Our results, which employ single amino-acid fragments, are extremely encouraging. The data indicate that absolute free energies for small peptides can be calculated rapidly and reliably. Specifically, high-precision free energy estimates, with fluctuations of ~ 0.3 kcal/mole, are obtained for 52-atom tetra-alanine in less than an hour of single-processor computing time, with a simple dielectric "solvent". We check our data by comparing the equilibrium ensembles (obtained simultaneously with the free energy estimates) with independent Langevin simulations. As a further check, in one case, the free energy results are verified by an independent calculation using different fragments.

The remaining sections of the paper describe the methods, results, and our conclusions. Our methods section provides full details for performing the calculations, including the generation of fragment libraries and interaction tables. We also correct a technical error in our earlier study.3 Our results describe both the free energy values and the analysis of the equilibrium ensembles.
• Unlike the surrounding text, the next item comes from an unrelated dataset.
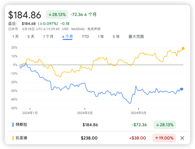 作为全球新能源车企的销量冠军,比亚迪在中国市场的表现力压特斯拉。过去半年里,比亚迪H股上涨19%,跑赢大盘,而特斯拉则重挫28%。
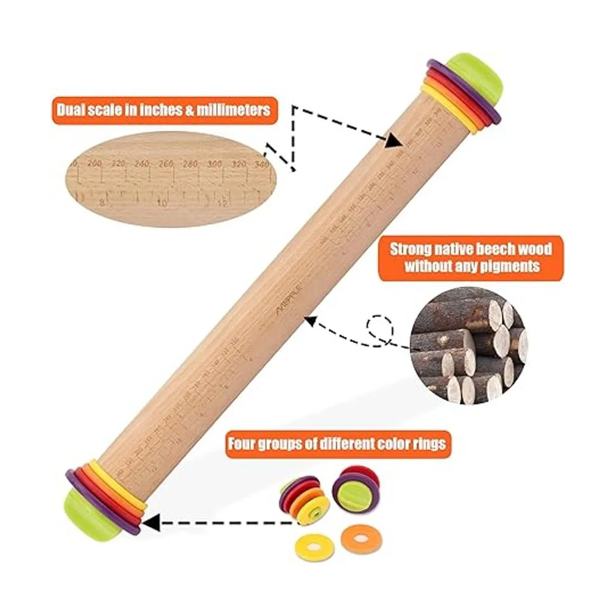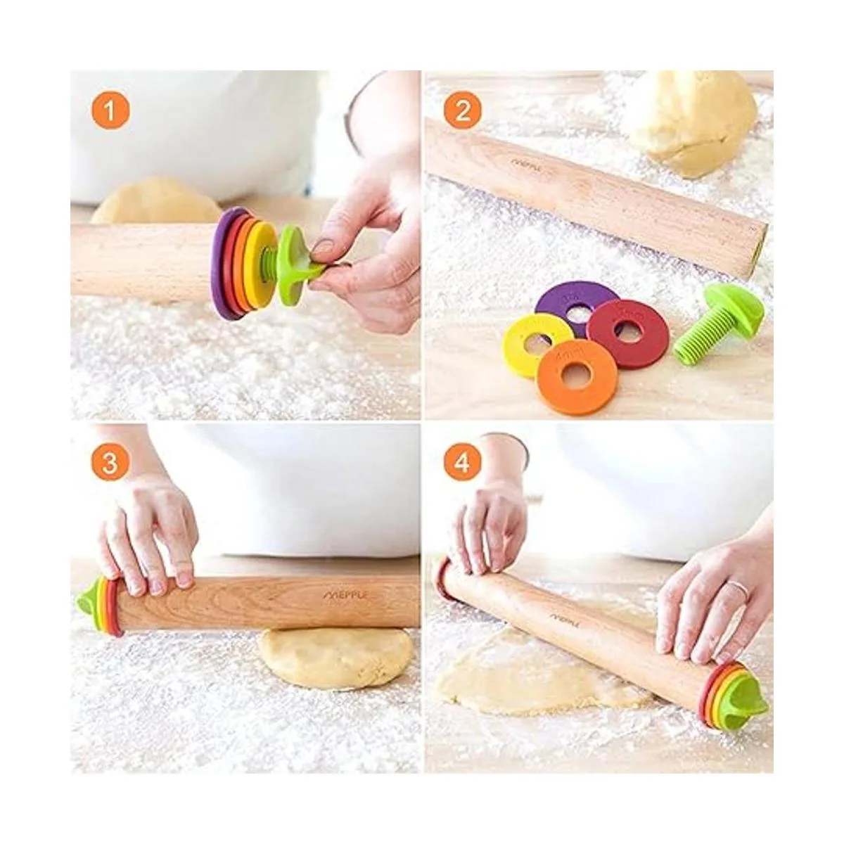 Suministros de decoración de galletas: el rodillo de madera ajustable Mepple es una herramienta esencial de cocina. Es perfecto para hacer masa de pizza, cortezas de pasteles, pan y masa de galletas de grosor y suavidad uniformes.

Our discussion section describes possible improvements to the method and extension to the estimation of relative binding affinities using absolute free energies.


Our basic approach is to calculate the free energy of the physical system of interest based on the difference from a known reference system, as in Eq. (1), and also to stage the calculation using molecular fragments. The fragments not only permit the gradual staging of the calculation but also a tremendous savings of computer time based on the storage of (i) fragment configurations, (ii) energies internal to each fragment configuration, and (iii) interaction energies between covalently bonded fragments. The low cost and high precision of the resulting estimates suggests we are far from the practical limit of the approach in the present implementation. However, a number of improvements to the implementation appear to be within easy reach, as described in our Discussion. All fragment libraries used in the present calculations are available at our website (

A. Model and systems

All calculations employ a standard atomistic forcefield, OPLS-AA36 at T = 298K. In the present report, our fragments are individual amino acids and capping groups. For simplicity in this initial investigation, we model the solvent by a simple uniform dielectric constant ε = 60. We compute free energy estimates for alanine dipeptide (Ace-Ala-Nme), di-alanine (Ace-(Ala)2-Nme), and tetra-alanine (Ace-(Ala)4-Nme). Following standard conventions, Ace is Acetyl (CH3-CO), Ala is Alanine (NH-CH(CH3)-CO), and Nme is N-methylamide (NH-CH3).

B. A simple example

Consider the calculation of the configurational free energy of alanine dipeptide based on a division into three fragments (Ace, Ala, Nme) which can be denoted (A, B, C) respectively (see Fig. 1). We will discuss this example qualitatively, to give the reader a sense of what to expect. Full details and all equations will be presented in succeeding subsections.

Figure 1
Stages for calculating the absolute free energy of a molecule by combining three fragments, based on Eq. (9). Connecting lines schematize full interactions between fragments, including both bonded and non-bonded atomistic terms, (a) The first intermediate ...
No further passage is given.